■ **Problem statement**
When you transcribe the listing that follows, keep every line exact and skip any picture.
*-*-*
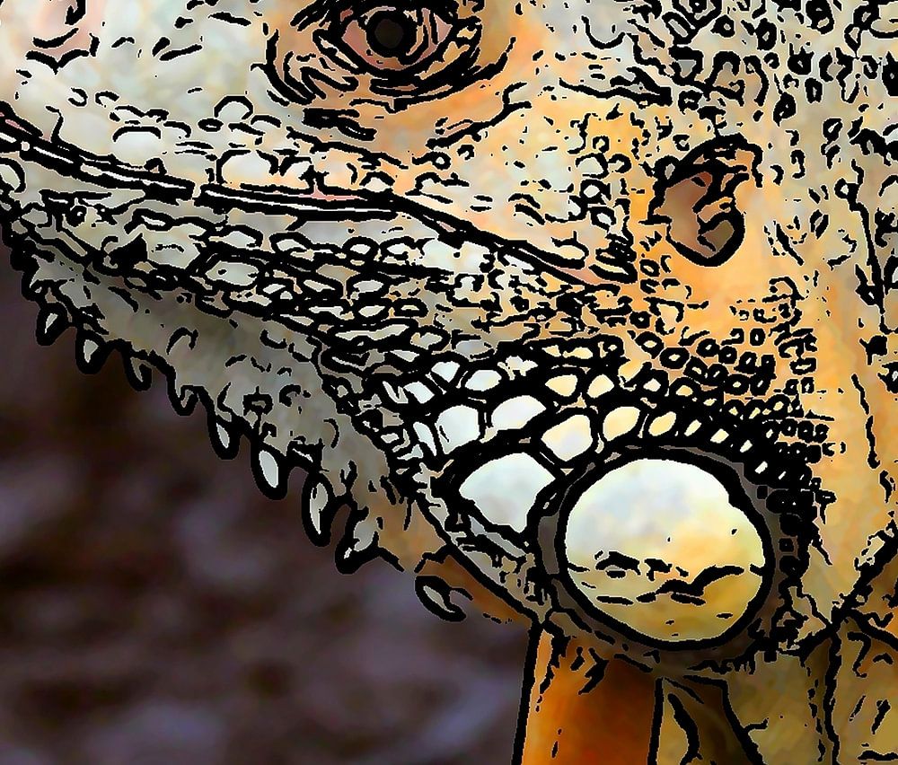 The iguana is perfectly adapted to its habitat, it has sharp and powerful claws which allow it to climb well and beautiful green color which provides camouflage. The difference between a male and female iguana is not only the length, but also the size of the throat lobe and the spiny scales on the back of the green iguana. These scales are much larger on the male than on the female. The wattles and scales on the cheek are characteristic of this large lizard. It can grow up to two meters long and can be found in the Antilles, Mexico, Central America and South America to Southern Brazil and Paraguay. It likes wet areas: coastal areas, banks of streams and rivers and the tropical rainforest. It lives alone or in groups. It feeds on leaves, flowers, and fruits, but also on insects and carrion. Green iguanas communicate with their conspecifics through body language, especially through head movements. A female usually lays about 40 eggs that hatch in 64 to 84 days. In Central America, this lizard is called a tree chicken. Because of its tasty meat, it is often eaten.
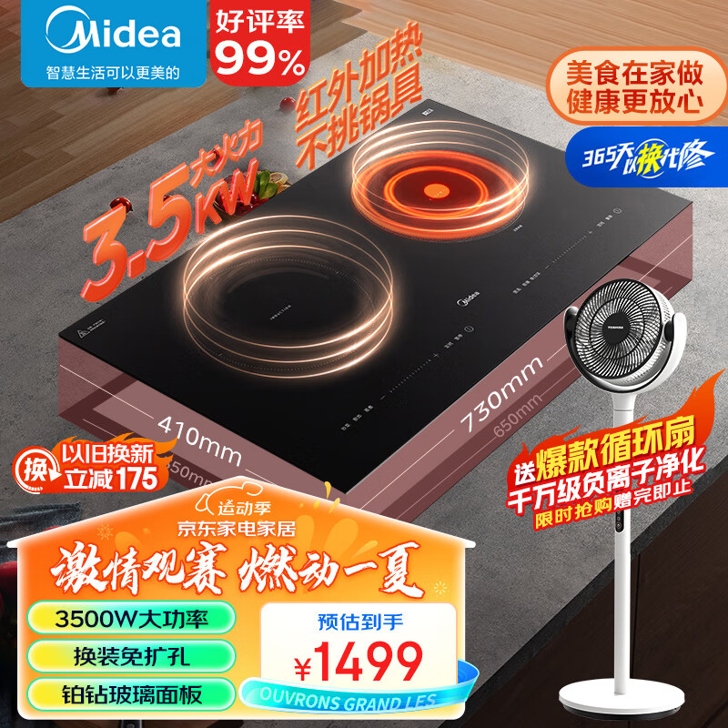 美的(Midea)电磁炉双灶 电磁灶家用3500W大功率双头灶电陶炉 一电一陶嵌入式 定时功能滑触双控 MC-DZ35D05E价格:1499.00元!
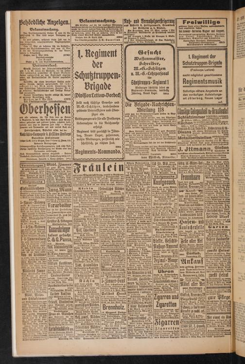 Ter Oberbürgermeister (LebenSmittelamt). Oberhessen und eie eroberen, Ne Ihr stet» treu zu Eurem 2. Regiment, in dem schon Eure Däter und Srost» Väter gestanden und geblutet haben, gehalten habt, verlaßt un» jetzt In schwerer Zeit nicht. - Bringt Freunde und Verwandte mit und meldet Euch als Fernsprecher, ©Unter usw. bei der MWtHtsimiüt 6. öMcn grtiforjä Bataillon Zickendraht
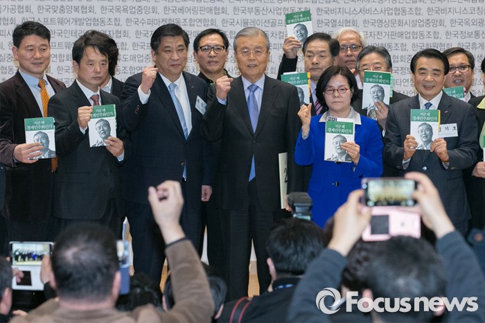 (서울=포커스뉴스) 김종인(왼쪽 다섯번째) 더불어민주당 비대위 대표가 4일 오후 서울 여의도 국회 의원회관에서 열린 소상공인 20대 총선 정책공약 전달식에 참석해, 김 대표의 저서를 든 소상공인 대표들과 화이팅을 외치고 있다.
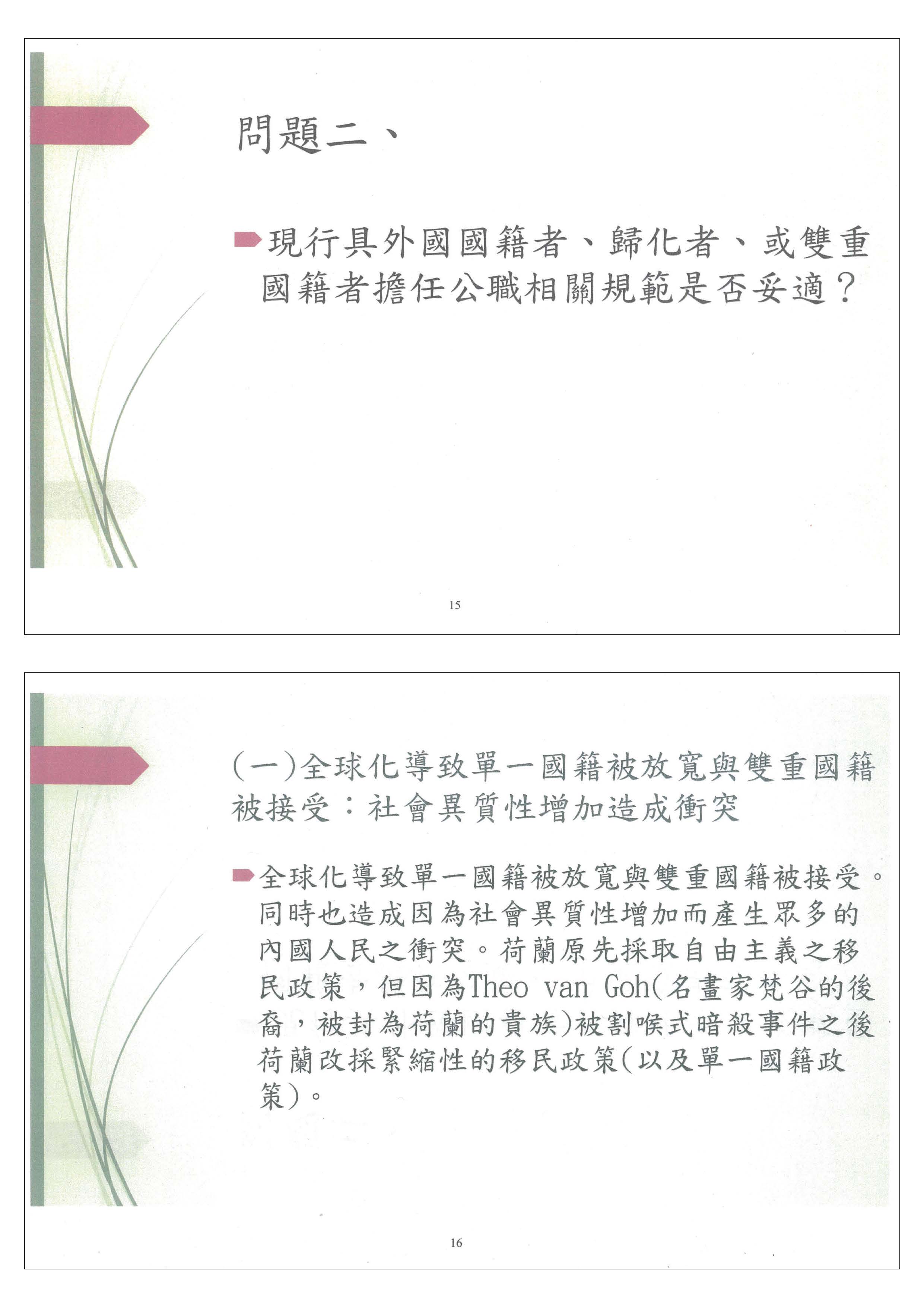 第二個問題討論到現行具外國國籍者、歸化者或雙重國籍者擔任公職相關規範是否妥適?那就是我們現在討論的國籍法第二十條的部分,我相信如果同樣的比較剛剛提到這些國家的規範的時候,就會發現臺灣的國籍法當中,我們一般是講說漠視雙重國籍,我們並沒有刻意地去排除或者是明文地說你可以有或可以沒有,因為這是屬人跟屬地主義之間造成的一個模糊空間。但是國籍法第二十條,剛剛吳威志老師也很清楚地強調,它其實很清楚地要求說如果你是有雙重國籍身分的人要擔任公職的話,必須先放棄,或者說必須放棄這個國籍,也就是現在的相關規範和剛剛我們所提到的這些小型先進民主國家的規範是完全一致的,這樣的規範當然我們整體來看是妥適的狀況,因為國籍會牽扯到國家認同與忠誠義務,我完全贊成應該要用平等權來看待所有成為臺灣國民相關的公民權,但是如果今天只為了中國籍人士去做例外排除的話,請問新住民怎麼辦?其他的新住民怎麼辦?所有的新住民應該是要一致、平等的狀況來進行這樣子的適用,如果只為了陸配去取消或者是在國籍法作排除,請問其他的新住民放棄國籍,這情何以堪?
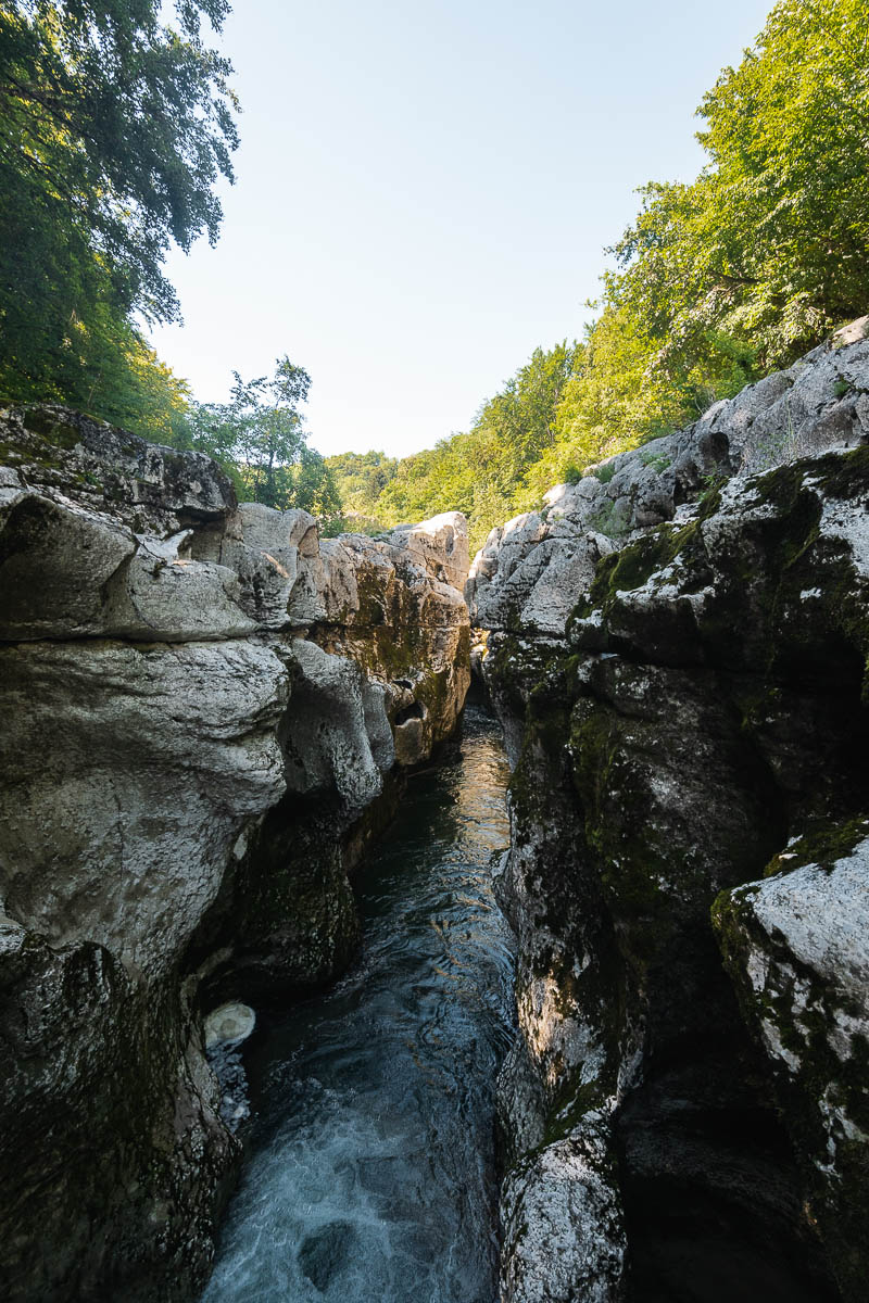 Samedi matin, je me réveille sous un ciel fort nuageux. Je commence la journée par monter (en voiture, pas en vélo comme les nombreux cyclistes que je croise) le col du grand colombier. En haut, la vue n’est pas très dégagée donc je redescends assez vite. Je fais le plein dans la vallée et puis je continue vers le Jura et je m’arrête aux pertes de la Valserine. La rivière a creusé la roche et a crée toutes sortes de formes. Je m’amuse à escalader les rochers (en faisant attention de ne pas tomber).
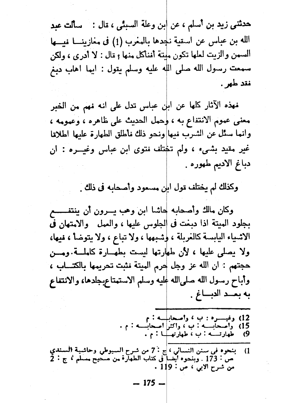 حَدَّثَنِي زَيْدُ بْنُ أَسْلَمَ عَنِ ابْنِ وَعْلَةَ السبئي قال سألت عبد الله بن عباس عَنْ أَسْقِيَةٍ نَجِدُهَا بِالْمَغْرِبِ فِي مَغَازِينَا فِيهَا السَّمْنُ وَالزَّيْتُ لَعَلَّهَا تَكُونُ مَيْتَةً أَفَنَأْكُلُ مِنْهَا قَالَ لَا أَدْرِي وَلَكِنْ سَمِعْتُ رَسُولَ اللَّهِ صَلَّى اللَّهُ عَلَيْهِ وَسَلَّمَ يَقُولُ أَيُّمَا إِهَابٍ دُبِغَ فَقَدْ طَهُرَ فَهَذِهِ الْآثَارُ كُلُّهَا عَنِ ابْنِ عَبَّاسٍ تَدُلُّ عَلَى أَنَّهُ فَهِمَ مِنَ الْخَبَرِ مَعْنَى عُمُومِ الِانْتِفَاعِ بِهِ وَحَمَلَ الْحَدِيثَ عَلَى ظَاهِرِهِ وَعُمُومِهِ وَإِنَّمَا سُئِلَ عَنِ الشُّرْبِ فِيهَا وَنَحْوِ ذَلِكَ فَأَطْلَقَ الطَّهَارَةَ عَلَيْهَا إِطْلَاقًا غَيْرَ مُقَيَّدٍ بِشَيْءٍ وَلَمْ تَخْتَلِفْ فَتْوَى ابْنِ عباس وغيره أن دباغ الاديم طهروه وَكَذَلِكَ لَمْ يَخْتَلِفْ قَوْلُ ابْنِ مَسْعُودٍ وَأَصْحَابِهِ فِي ذَلِكَ وَكَانَ مَالِكٌ وَأَصْحَابُهُ حَاشَا ابْنَ وَهْبٍ يَرَوْنَ أَنْ يُنْتَفَعَ بِجُلُودِ الْمَيْتَةِ إِذَا دُبِغَتْ فِي الْجُلُوسِ عَلَيْهَا وَالْعَمَلِ وَالِامْتِهَانِ فِي الْأَشْيَاءِ الْيَابِسَةِ كَالْغَرْبَلَةِ وَشِبْهِهَا وَلَا تُبَاعُ وَلَا يُتَوَضَّأُ فِيهَا وَلَا يُصَلَّى عَلَيْهَا لِأَنَّ طَهَارَتَهَا لَيْسَتْ بِطَهَارَةٍ كَامِلَةٍ وَمِنْ حُجَّتِهِمْ أَنَّ اللَّهَ عَزَّ وَجَلَّ حَرَّمَ الْمَيْتَةَ فَثَبَتَ تَحْرِيمُهَا بِالْكِتَابِ وَأَبَاحَ رَسُولُ اللَّهِ صَلَّى اللَّهُ عَلَيْهِ وَسَلَّمَ الِاسْتِمْتَاعَ بِجِلْدِهَا وَالِانْتِفَاعَ بِهِ بَعْدَ الدِّبَاغِ
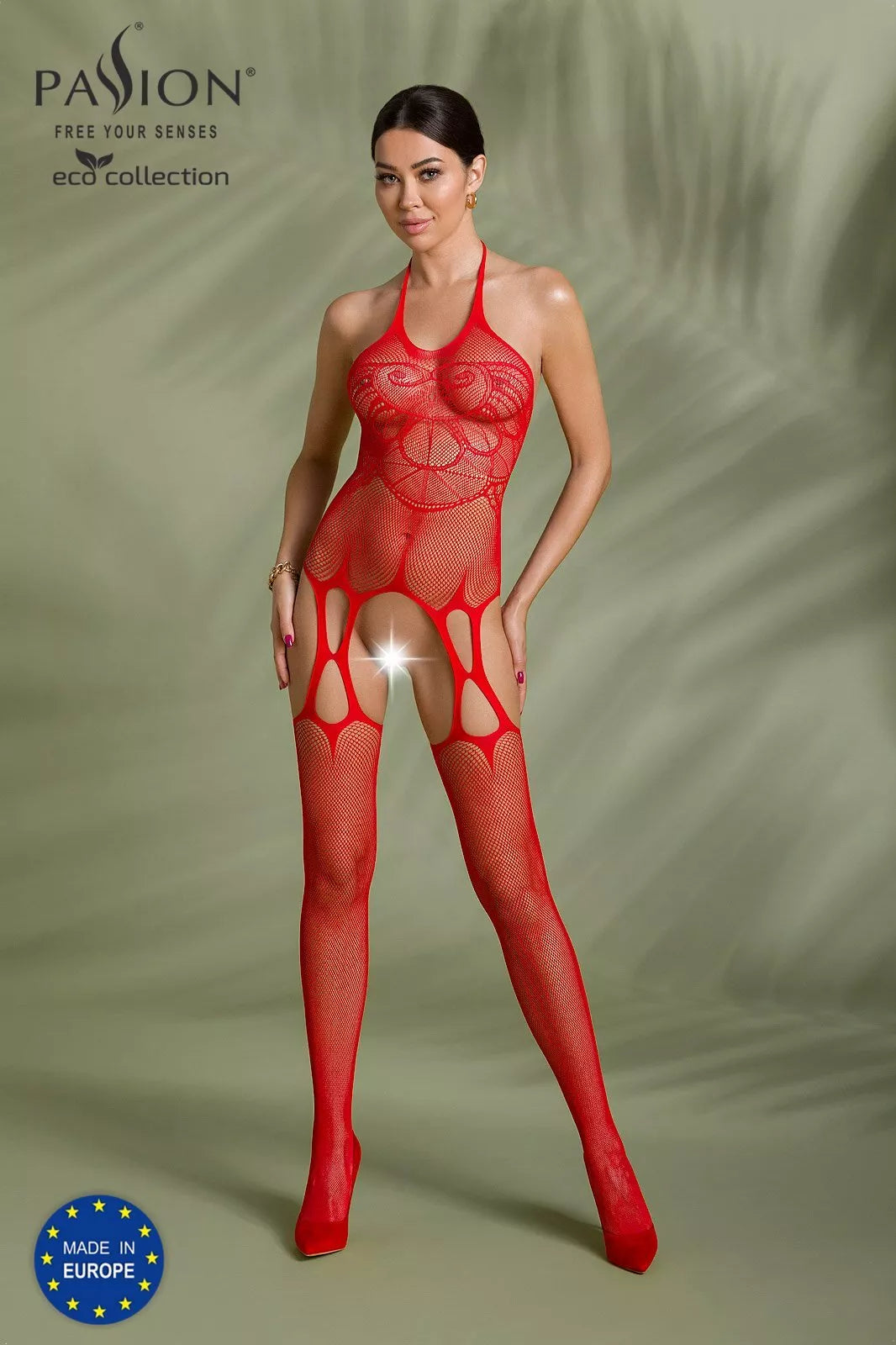 Nepaprastai seksuali vientisa, aukštos kokybės raudona viso kūno kojinė Passion ECO BS002 pagaminta iš antrinių žaliavų, be rankovių, su iškirpte tarpukojyje, dekoruota gėlių raštais. Vienas universalus dydis.
*-*-*
■ **Expected answer**
 The iguana is perfectly adapted to its habitat, it has sharp and powerful claws which allow it to climb well and beautiful green color which provides camouflage. The difference between a male and female iguana is not only the length, but also the size of the throat lobe and the spiny scales on the back of the green iguana. These scales are much larger on the male than on the female. The wattles and scales on the cheek are characteristic of this large lizard. It can grow up to two meters long and can be found in the Antilles, Mexico, Central America and South America to Southern Brazil and Paraguay. It likes wet areas: coastal areas, banks of streams and rivers and the tropical rainforest. It lives alone or in groups. It feeds on leaves, flowers, and fruits, but also on insects and carrion. Green iguanas communicate with their conspecifics through body language, especially through head movements. A female usually lays about 40 eggs that hatch in 64 to 84 days. In Central America, this lizard is called a tree chicken. Because of its tasty meat, it is often eaten.
 美的(Midea)电磁炉双灶 电磁灶家用3500W大功率双头灶电陶炉 一电一陶嵌入式 定时功能滑触双控 MC-DZ35D05E价格:1499.00元!
 Ter Oberbürgermeister (LebenSmittelamt). Oberhessen und eie eroberen, Ne Ihr stet» treu zu Eurem 2. Regiment, in dem schon Eure Däter und Srost» Väter gestanden und geblutet haben, gehalten habt, verlaßt un» jetzt In schwerer Zeit nicht. - Bringt Freunde und Verwandte mit und meldet Euch als Fernsprecher, ©Unter usw. bei der MWtHtsimiüt 6. öMcn grtiforjä Bataillon Zickendraht
 (서울=포커스뉴스) 김종인(왼쪽 다섯번째) 더불어민주당 비대위 대표가 4일 오후 서울 여의도 국회 의원회관에서 열린 소상공인 20대 총선 정책공약 전달식에 참석해, 김 대표의 저서를 든 소상공인 대표들과 화이팅을 외치고 있다.
 第二個問題討論到現行具外國國籍者、歸化者或雙重國籍者擔任公職相關規範是否妥適?那就是我們現在討論的國籍法第二十條的部分,我相信如果同樣的比較剛剛提到這些國家的規範的時候,就會發現臺灣的國籍法當中,我們一般是講說漠視雙重國籍,我們並沒有刻意地去排除或者是明文地說你可以有或可以沒有,因為這是屬人跟屬地主義之間造成的一個模糊空間。但是國籍法第二十條,剛剛吳威志老師也很清楚地強調,它其實很清楚地要求說如果你是有雙重國籍身分的人要擔任公職的話,必須先放棄,或者說必須放棄這個國籍,也就是現在的相關規範和剛剛我們所提到的這些小型先進民主國家的規範是完全一致的,這樣的規範當然我們整體來看是妥適的狀況,因為國籍會牽扯到國家認同與忠誠義務,我完全贊成應該要用平等權來看待所有成為臺灣國民相關的公民權,但是如果今天只為了中國籍人士去做例外排除的話,請問新住民怎麼辦?其他的新住民怎麼辦?所有的新住民應該是要一致、平等的狀況來進行這樣子的適用,如果只為了陸配去取消或者是在國籍法作排除,請問其他的新住民放棄國籍,這情何以堪?
 Samedi matin, je me réveille sous un ciel fort nuageux. Je commence la journée par monter (en voiture, pas en vélo comme les nombreux cyclistes que je croise) le col du grand colombier. En haut, la vue n’est pas très dégagée donc je redescends assez vite. Je fais le plein dans la vallée et puis je continue vers le Jura et je m’arrête aux pertes de la Valserine. La rivière a creusé la roche et a crée toutes sortes de formes. Je m’amuse à escalader les rochers (en faisant attention de ne pas tomber).
 حَدَّثَنِي زَيْدُ بْنُ أَسْلَمَ عَنِ ابْنِ وَعْلَةَ السبئي قال سألت عبد الله بن عباس عَنْ أَسْقِيَةٍ نَجِدُهَا بِالْمَغْرِبِ فِي مَغَازِينَا فِيهَا السَّمْنُ وَالزَّيْتُ لَعَلَّهَا تَكُونُ مَيْتَةً أَفَنَأْكُلُ مِنْهَا قَالَ لَا أَدْرِي وَلَكِنْ سَمِعْتُ رَسُولَ اللَّهِ صَلَّى اللَّهُ عَلَيْهِ وَسَلَّمَ يَقُولُ أَيُّمَا إِهَابٍ دُبِغَ فَقَدْ طَهُرَ فَهَذِهِ الْآثَارُ كُلُّهَا عَنِ ابْنِ عَبَّاسٍ تَدُلُّ عَلَى أَنَّهُ فَهِمَ مِنَ الْخَبَرِ مَعْنَى عُمُومِ الِانْتِفَاعِ بِهِ وَحَمَلَ الْحَدِيثَ عَلَى ظَاهِرِهِ وَعُمُومِهِ وَإِنَّمَا سُئِلَ عَنِ الشُّرْبِ فِيهَا وَنَحْوِ ذَلِكَ فَأَطْلَقَ الطَّهَارَةَ عَلَيْهَا إِطْلَاقًا غَيْرَ مُقَيَّدٍ بِشَيْءٍ وَلَمْ تَخْتَلِفْ فَتْوَى ابْنِ عباس وغيره أن دباغ الاديم طهروه وَكَذَلِكَ لَمْ يَخْتَلِفْ قَوْلُ ابْنِ مَسْعُودٍ وَأَصْحَابِهِ فِي ذَلِكَ وَكَانَ مَالِكٌ وَأَصْحَابُهُ حَاشَا ابْنَ وَهْبٍ يَرَوْنَ أَنْ يُنْتَفَعَ بِجُلُودِ الْمَيْتَةِ إِذَا دُبِغَتْ فِي الْجُلُوسِ عَلَيْهَا وَالْعَمَلِ وَالِامْتِهَانِ فِي الْأَشْيَاءِ الْيَابِسَةِ كَالْغَرْبَلَةِ وَشِبْهِهَا وَلَا تُبَاعُ وَلَا يُتَوَضَّأُ فِيهَا وَلَا يُصَلَّى عَلَيْهَا لِأَنَّ طَهَارَتَهَا لَيْسَتْ بِطَهَارَةٍ كَامِلَةٍ وَمِنْ حُجَّتِهِمْ أَنَّ اللَّهَ عَزَّ وَجَلَّ حَرَّمَ الْمَيْتَةَ فَثَبَتَ تَحْرِيمُهَا بِالْكِتَابِ وَأَبَاحَ رَسُولُ اللَّهِ صَلَّى اللَّهُ عَلَيْهِ وَسَلَّمَ الِاسْتِمْتَاعَ بِجِلْدِهَا وَالِانْتِفَاعَ بِهِ بَعْدَ الدِّبَاغِ
 Nepaprastai seksuali vientisa, aukštos kokybės raudona viso kūno kojinė Passion ECO BS002 pagaminta iš antrinių žaliavų, be rankovių, su iškirpte tarpukojyje, dekoruota gėlių raštais. Vienas universalus dydis.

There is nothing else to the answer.